EPA Hearings, Pittsburgh PA, 12 November 2015
http://www2.epa.gov/cleanpowerplan/forms/public-hearings-proposed-federal-plan-clean-power-plan
I like to think of myself as somewhere between a scientist and an engineer. I have a Ph.D. in physics from MIT, and I’ve taught at the University of Oxford. On the engineering side, I’ve worked at Bell Laboratories and Google.
But global warming is big trouble because I have three kids, who (with some luck) may be around until 2100. They’ll see some climate nastiness in their old age, even under optimistic scenarios. And grandchildren? Well, that depends on whether our kids have them; my eldest daughter is a geophysicist and sometimes she takes a bleak view of our political will to control climate change.
Meanwhile, I do what I can as an individual. I walk to work; we have a hybrid car. I’ve insulated the attic, my electricity nominally comes from Texas wind farms, and I buy carbon offsets. It’s not nearly enough.
Because I’ve been lucky enough to have a technical career, I can read the scientific papers and understand the mechanisms. It is grim and scary reading. As you know well, the literature is trustworthy; while there are some uncertainties where the science has not been nailed down, the overall picture is very clear. Specifically, to avoid serious trouble, we have a globally shared carbon budget that corresponds to less than 25 years at our current rate of consumption.
Within 25 years, we need to rebuild our economy to be largely fossil-fuel free. We might have less time, if science discovers unexpected positive feedback mechanisms.
People will tell you — doubtless they have told you — that 25 years is too short a time to rebuild our energy supplies. People will tell you that the economic life of a power plant is 30 to 50 years, so we must move slowly. Don’t believe them.
The people who tell you that have grown up in a static industry. One where 10% of the power plants were built before I was born, and where efficiencies have increased by just a fewpercentage points since then. It’s an industry that has seen little recent innovation. And, now the industry is starting to be replaced: we’re starting to get wind and solar power competing with those old fossil-fueled plants. They have a similar cost per megawatt-hour, and fewer strip mines, no carbon pollution, no fly ash, and no oil spills.
The people running the electric power industry are doubtless smart, people, but their experience hasn’t prepared them for the changes in technology and economics that are happening.
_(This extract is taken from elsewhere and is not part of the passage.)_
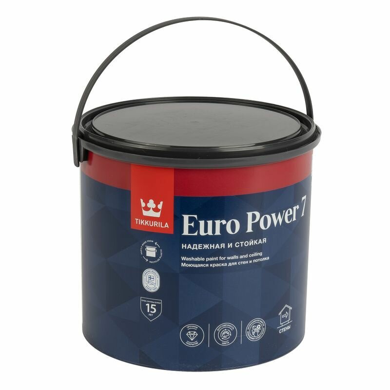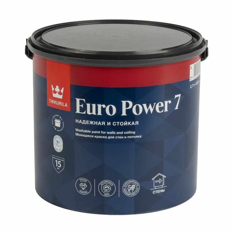 TIKKURILA EURO POWER 7 краска моющаяся для стен и потолка, матовая, база A (2,7л)
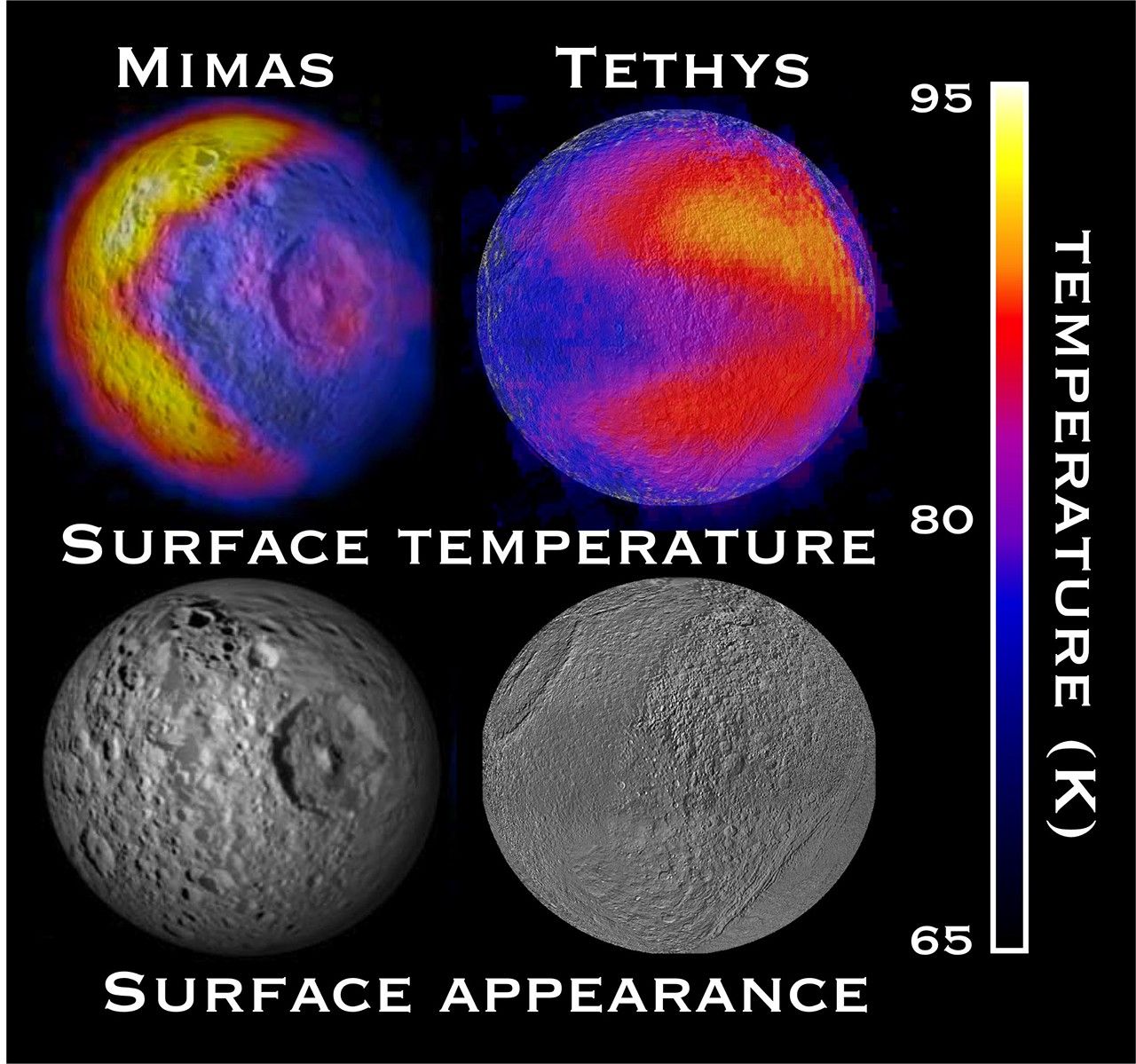 Scientists saw the Tethys Pac-Man in data obtained on Sept. 14, 2011, where daytime temperatures inside the mouth of Pac-Man were seen to be cooler than their surroundings by 29 degrees Fahrenheit (15 kelvins). The warmest temperature recorded was a chilly minus 300 degrees Fahrenheit (90 kelvins). The Mimas Pac-Man was seen in data from Feb. 13, 2010. (For more information, see PIA12867.) The high temperature at Tethys is actually slightly cooler than the warmest temperature at Mimas (about minus 290 degrees Fahrenheit or 95 kelvins). One version of the image pegs white to be the hottest temperatures on both moons -- minus 290 degrees Fahrenheit (95 kelvins) on Mimas and minus 300 degrees Fahrenheit (90 kelvins) on Tethys. Another version shows the minus 290 degrees Fahrenheit (95 kelvins) as white on both moons, revealing a subtler temperature variation on Tethys. Unannotated images of the two color schemes are also available.

I’ve seen a similar transition. When I started working for AT&T in 1987, telephones were very different from computers. Each phone call was carried over a dedicated circuit, and that circuit was expensive. But change was coming. Optical fibers would, over the next decade, make data transport unimaginably cheap. And, computers would become fast enough to economically process and switch phone calls. As a result, the industry changed rapidly and messily.
Between 1995 to 2002, my own company, Lucent Technologies, was run over by technological change. It couldn’t adapt fast enough; it had too many people who expected incremental improvements. Lucent went from a stable, profitable company, to one that was losing money, shrinking, and about to be acquired in a fire sale.
But, despite the collapse of some of the major telecommunications companies, phones kept working. Despite the fact that some companies lost money, and that old technology was thrown away before it wore out, the new technologies drove incredible improvements that have now been picked up by over a billion people. Everyone has a smart phone now.
By analogy, we can’t afford to have sympathy for the current players in the electric power industry. They are old technologies are about to be run over by the new. Some of the current companies may survive the change to renewables, but many of them won’t be able to adapt rapidly enough.
The welfare of old power plants is not our primary concern. As long as we exercise a moderate amount of care, the free market will keep the lights on, and those old-technology coal and natural gas plants will be replaced with something cheaper and cleaner.
So, I applaud the EPA’s regulation of carbon pollution, but I think that we are not being aggressive enough. We need to stay below the global carbon budget and move fast, not at the slow pace that the electric power industry would like to see. We are growing a new industry out of new technologies, and our goal should be to shut down the old, dirty power generation industry as soon as practical. The new industry will grow to replace the old.